En pacientes con contraindicaciones para inmunoquimioterapia intensiva, se puede usar rituximab solo, radioinmunoterapia (RIT), agentes alquilantes de un solo agente (ciclofosfamida, clorambucilo) o combinaciones de los mismos con R como enfoques de tratamiento.

Terapia de mantenimiento en el linfoma folicular

La terapia de mantenimiento con rituximab durante 2 años mejora la supervivencia libre de progresión, pero no tiene ningún efecto sobre la supervivencia general. El beneficio de una terapia de mantenimiento más corta es baja. La consolidación con radioinmunoterapia prolonga la supervivencia libre de progresión solamente y tiene un beneficio menor en comparación con rituximab durante 2 años.
En atención primaria, el beneficio del trasplante autólogo de células madre (OCIT) es limitado y solo prolonga la supervivencia libre de progresión, sin ventaja sobre la supervivencia general. Por lo tanto, no se recomienda la OCT en pacientes que responden a la atención primaria.
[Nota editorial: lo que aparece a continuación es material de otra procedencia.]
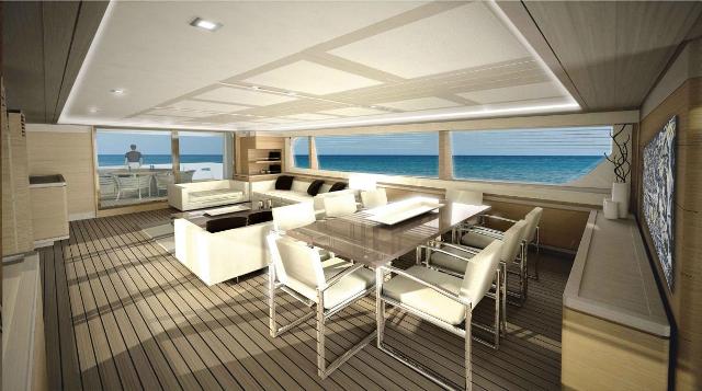 Notas de armamento Aircon tropical (salon + cabins + crew) Generator Panda 55200 W diff, from Kohler std. Generator hours: 5137 & 5300 (October 2012) Hydraulic Stern Thruster 58 hp (double propeller) UV water sterilizer Jacuzzi on Sundeck Bimini Top on Sundeck (manual) Shower under radar arch s/s mast at bow w/light 360 º on top Installation of diving kit + air compressor s/s rail in garage for hanging diving gear Teakbase in garage for 3 diving bottles Addit. Washer/Dryer Removable Bimini at aft of UD Horn s/s Kahlenberg, mod. S-2 diff. from std. Steering wheel in aluminium with leather, diff. from std. PC: socket NMEA for PC/NAV data connect in main bridge Data switch for networking 10/100MB D-Link Wi-Fi s/s name writing w/backlighting for both sides TVCC: camera mot. Pan/Tilt 2 Cameras on aft side of ceiling for manoeuvring Cleats disappearing Cover for crane 15 mt. add. shore electric cable Add. horizontal dashboard panel (port side) Add. socket 230V + fax Add. 125L fridge Dimmer light upper deck & cockpit 150 m Anchor chain (diff. from std.) Bitecnomare Gangway (diff. from std.) Control station in cockpit fixed w/cover Porthole mosquito nets Solas type A safety-rafts (diff. from std.) Alarm system via GSM Socket: External watertight 220V 24V external electrical outlet Raising device for 32†TV AUDIO/VISUAL: TV32†LCD color 16/9 add. TV26†LCD color 16/9 add. TV19†LCD in captains cabin DVD/FM/USB /I-Pod/Aux. Panasonic Amplifier in VIP cabin DVD/FM/USB/front Input/Aux.LG Amplifier in Guest DVD/FM/USB/front Input/Aux.LG Amplifier in Crew RP-1 integrated RF receiver for IR distribution and macro enable + IR Distributer + IR Flasher Seatrex Marine 2 way satellite tracking unit DF-Base / Video – Audio – Photo sharing server 3D New Generation Blue Ray HD 1080p Playback 3 Audio Zone license for music playback all around, control via RTI – Via any Windows mobile, via iPhone DF-Link / VOD – 3D Library Scion Technology digital switcher distributor w/16 inputs and 16 outputs Scion IR remote for crew Digital receiver converter for each Plasma Smartwi for smart card sharing subscription on one card for all TV´s VGA / PAL Video converter MISCELLANEOUS: Central right guest cabin w/2 separate beds, diff. from king size Pullman bed in guest cabin Shower instead of bathtub in Master bathroom Shower instead of bathtub in aft VIP bathroom Bulwark in natural Teak Pulpit on Sundeck Galley floor in wenge wood (diff. from std.) Lower deck lobby floor in Iroko (diff. from std.) Bathroom floors in Iroko w/marble frame Wenge frames for salon side windows (diff. from std.) Bathroom ceilings an walls in white lacquered (diff. from std.) Add. storage in master bathroom (diff. from std.) Cover in PVC for Life raft Aft VIP shower walls in marble noir (half height) Upper deck: Dedon Panama chair w/ armchair ------------------------------- Aria condizionata Tropicale (salone + cabine + equipaggio) Generatore Panda 55.200 W diff, da Kohler std. Generatore Ore: 5137 e 5300 (ottobre 2012) Elica di poppa 58 CV (doppia elica) sterilizzatore Acqua UV Jacuzzi sul Sundeck Bimini top su Sundeck (manuale) Doccia sotto arco radar s / s albero a prua w / luce a 360 ° sulla parte superiore Installazione di immersione + kit compressore d'aria s / s ferroviario in garage per appendere attrezzatura per l'immersione Teakbase in garage per 3 bottiglie di immersione Addit. Lavatrice / asciugatrice Bimini a poppa Rimovibile Horn s / s Kahlenberg, mod. S-2 diff. da std. Volante in alluminio con pelle, diff. da std. PC: presa NMEA per PC / NAV dati collegare in ponte principale Interruttore per la rete dati 10/100MB D-Link Wi-Fi s / s nome scrittura w / retroilluminazione per entrambe le parti TVCC: telecamera mot. Pan / Tilt 2 telecamere sul lato posteriore del soffitto di manovra Tacchetti scomparsa Copertura per gru 15 mt. aggiungere. riva cavo elettrico presa 230V + fax Frigorifero 125L Dimmer luce ponte superiore e della cabina di guida Catena per ancora 150 m (diff. da std.) Bitecnomare Passerella (diff. da std.) Stazione di comando in pozzetto fissa w / coperchio Zanzariere per oblò zattere di sicurezza (diff. da std.) Sistema di allarme via GSM Socket: esterno a tenuta stagna 220V 24V esterna presa elettrica Dispositivo di sollevamento per TV da 32 " AUDIO / VIDEO: TV32 "LCD a colori 16/9 add. TV26 "LCD a colori 16/9 add. TV19 "LCD in cabina capitani DVD / FM / USB / I-Pod/Aux. Amplificatore Panasonic in cabina VIP DVD / FM / USB / frontale di ingresso / Aux.LG amplificatore in Guest DVD / FM / USB / frontale di ingresso / Aux.LG amplificatore in Crew RP-1 integrato ricevitore RF per la distribuzione IR e macro + distributore di abilitazione IR + IR Flasher Seatrex Marine 2 satellite le unità di monitoraggio DF-Base / Video - Audio - Foto server Generation condivisione 3D Novità Blu Ray HD 1080p 3 Licenza Zona Audio per la riproduzione di musica tutto intorno, controllo tramite RTI - Via qualsiasi cellulare di Windows, tramite iPhone DF-Link / VOD - Biblioteca 3D Scion tecnologia digitale switcher distributore W/16 ingressi e 16 uscite Scion telecomando a raggi infrarossi per l'equipaggio Ricevitore convertitore digitale per ogni plasma SmartWi per la sottoscrizione intelligente condivisione scheda su una scheda per la TV di tutti VGA / PAL Video converter VARIE: Cabina ospiti 2 separati letti , diff. da king size letto Pullman in cabina ospiti Doccia invece della vasca da bagno nel bagno master Doccia invece della vasca da bagno in cabina VIP a poppa Pulpito su Sundeck Piano Cambusa in legno wengè (diff. da std.) Pavimenti bagno in Iroko w / marmo cornice Cornici wengè per salone di finestre laterali (diff. da std.) Soffitti un bagno pareti in laccato bianco (diff. da std.) gavone aggiuntivo in bagno padronale (diff. da std.) Rivestimento in PVC per zattera di salvataggio pareti doccia della VIP di poppa in marmo noir Upper Deck: sedia Dedon Panama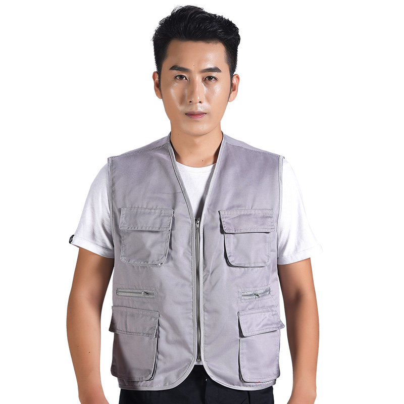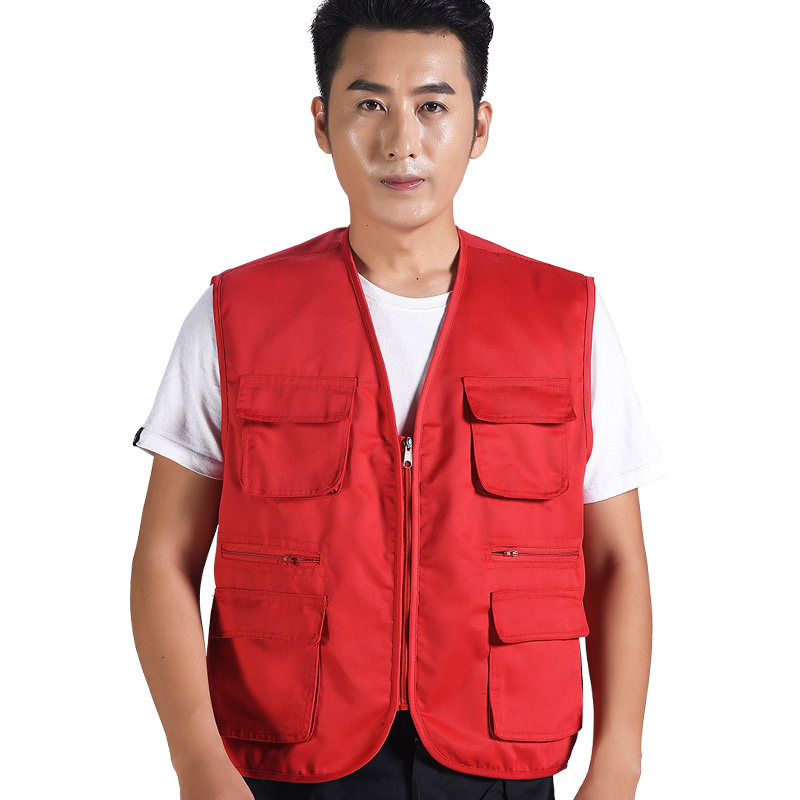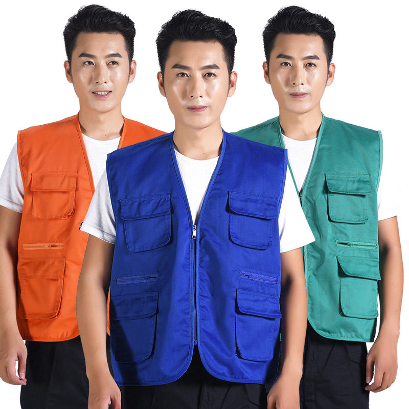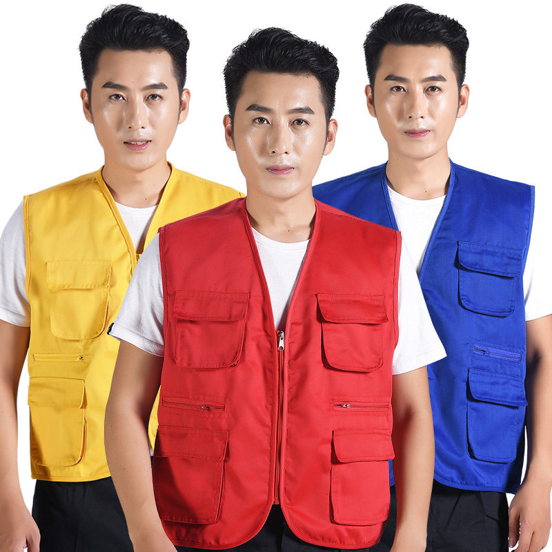 Tour guide vest vest advertising custom printed logo zipper multi-pocket supermarket activities volunteer vest overalls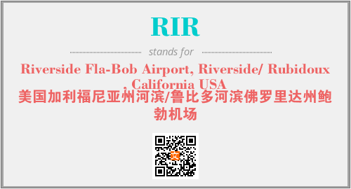 以上为Riverside Fla-Bob Airport, Riverside/ Rubidoux, California USA英文缩略词RIR的中文解释,以及该英文缩写在英语的流行度、分类和应用领域方面的信息。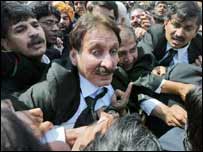 پولیس نے وکلا کو لاٹھی چارج سے پیچھے ہٹایا اور جسٹس افتخار کی گاڑی تیز رفتار میں پرائم منسٹر سیکریٹریٹ کے سامنے پہنچ گئی۔ معطل چیف جسٹس افتخار محمد چودھری آج ملزم کی صورت میں عدالت آئے اور ایک ایسے بڑے جلوس کی صورت میں واپس گئے جو جلوس پاکستان میں آج کل سیاستدانوں کو بھی مشکل سے ہی نصیب ہوتا ہے‘۔ |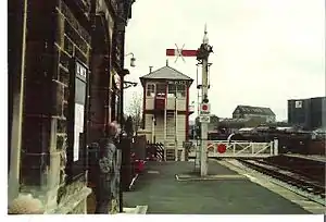 In its latterday BR guise, the signal box was located on the south side of the level crossing (up side) and there was a lattice footbridge immediately north of the crossing. The signal box disappeared after closure and the footbridge was eventually removed for use on a heritage railway. Under Peak Rail auspices, a signal box (originally at Bamford but relocated from the erstwhile Buxton steam centre) was sited at the southern end of the Up platform (see pictures), with a level crossing (Station Road) just beyond it. This signal box was merely of cosmetic use, with the crossing controlled by a crossing keeper's hut at road level (located on the Down side, and across the road from the station). In March 2008, the crossing keeper's hut was replaced by a more extensive new structure built in a traditional style, required as part of the increased signalling equipment on the railway. The latter has, in effect, split the operation into three controlled sections, permitting better timetabling and more efficient services, while also providing the necessary infrastructure to cater for extensions to the present line. The raised signal box was dismantled on 14 January 2014, the upper half being removed for further use at Rowsley, the lower section being judged unfit for further use and dismantled. As the original footbridge has subsequently been re-acquired and returned, the plan is that it will take its old position in due course.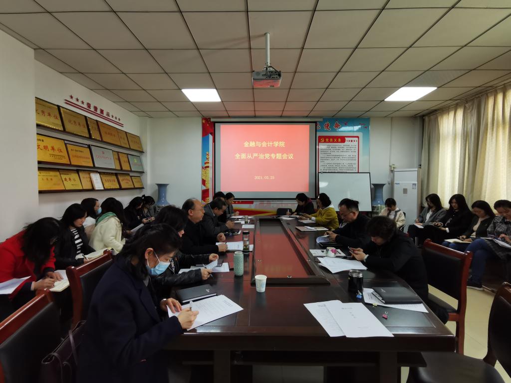 为全面贯彻落实学校2021年全面从严治党工作会议精神,3月25日下午,pa电子官方网站在学院514会议室召开全面从严治党专题会议,学院科级及以上干部、全体辅导员参加会议,会议由学院党委书记陈复昌主持。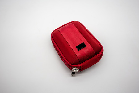 Red fabric soft case with zip isolated on white background.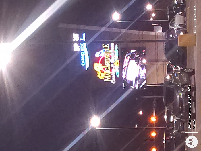 A night shot depicts the illuminated signs of the "Casino del Sol" and "MARGARITAVILLE." The camera phone details read "shot on moto g stylus 5G - 2024" and "Nov 25, 2025, 9:53 PM" on the right side. Streetlights and parked cars line the background, suggesting a casino parking area.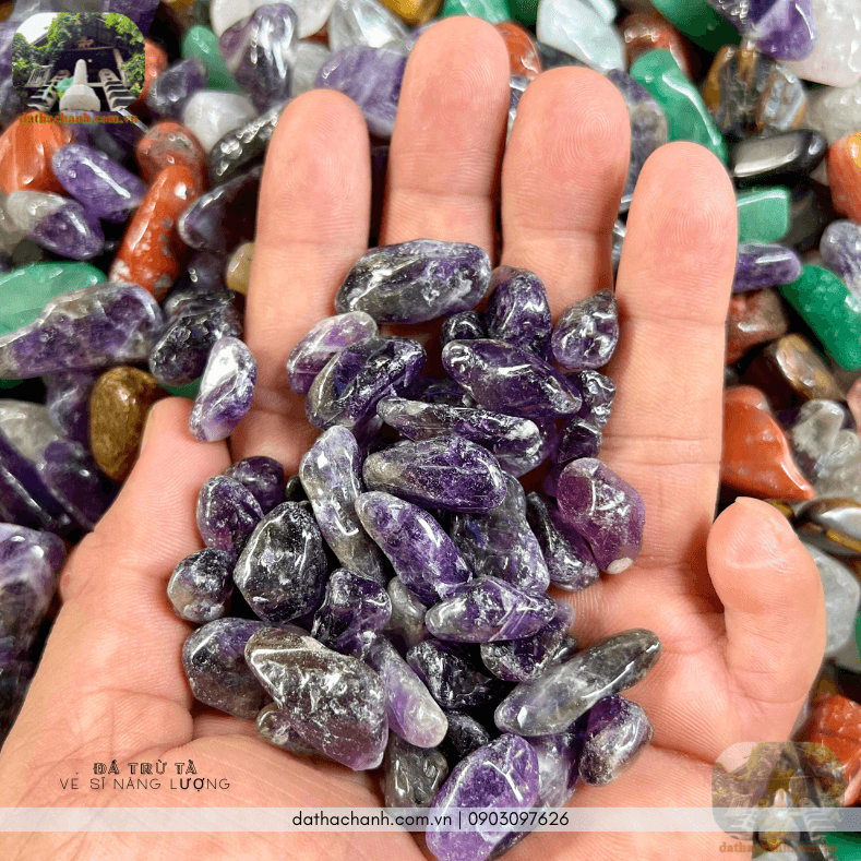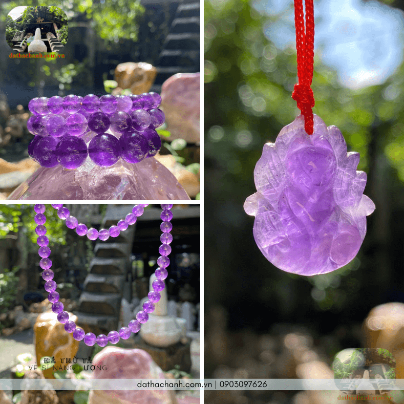 – Thạch anh tím (Amethyst): Xua tan ám khí, bảo vệ chủ nhân khỏi tiêu cực, giúp an tâm và khai sáng trí tuệ.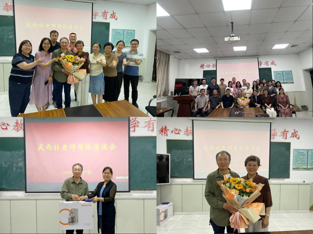 荆琳作总结发言。她首先代表学院感谢武西社老师这些年来为学院各项工作做出的突出贡献。她指出,武西社老师坚守实验讲台三十八年,为学校和社会培养了无数优秀学子,工作生涯中一直秉承着认真、勤恳的工作态度,为我国找矿事业作出了很大的贡献,这种无私奉献的精神值得我们每位在岗教职工学习。希望武西社老师“退而不休”,以后经常回学院,带动青年教师工作,为学院各项事业的发展继续献计献策。同时,荆琳勉励青年教职工,要认真学习和传承武西社老师积极向上、严谨认真的生活和工作态度,在新目标、新挑战下肩负起立德树人、教书育人的光荣使命,拼搏奋斗,砥砺前行。最后,荆琳代表学院和工会为武西社老师赠送了纪念品。

Tratamiento recurrente / recaída del linfoma folicular

Debido al riesgo de transformación secundaria a linfoma agresivo, se recomienda encarecidamente repetir la biopsia.
Al igual que en la atención primaria, esperar y ver es un enfoque recomendado en pacientes asintomáticos con baja carga tumoral. La elección de la terapia de segunda línea en pacientes con indicación de tratamiento depende de la efectividad de los tratamientos previos. En las recurrencias tempranas (<12-24 meses), se deben seleccionar esquemas de tratamiento sin resistencia cruzada (bendamustina después de CHOP o viceversa). Se debe agregar rituximab al programa de tratamiento si logra una remisión de> 6 meses en el tratamiento anterior.
La monoterapia con rituximab puede usarse en pacientes con baja carga tumoral sintomática.
El mantenimiento de 2 años con rituximab tiene un perfil tolerable de efectos secundarios y, según el metaanálisis sistemático, la administración de terapia con anticuerpos durante la inducción en pacientes que no recibieron Rituximab en atención primaria prolonga el tiempo libre de progresión y la supervivencia en comparación con un metanálisis.
La quimioterapia autóloga con dosis altas de quimioterapia asistida por células madre puede usarse como terapia de refuerzo después de la segunda o tercera línea de tratamiento.
Se puede considerar el trasplante alogénico de células madre hematopoyéticas potencialmente curativas (preferiblemente con regímenes de intensidad reducida) en pacientes jóvenes seleccionados de alto riesgo o pacientes recurrentes después de OCTT, particularmente en recaídas tempranas y enfermedad refractaria.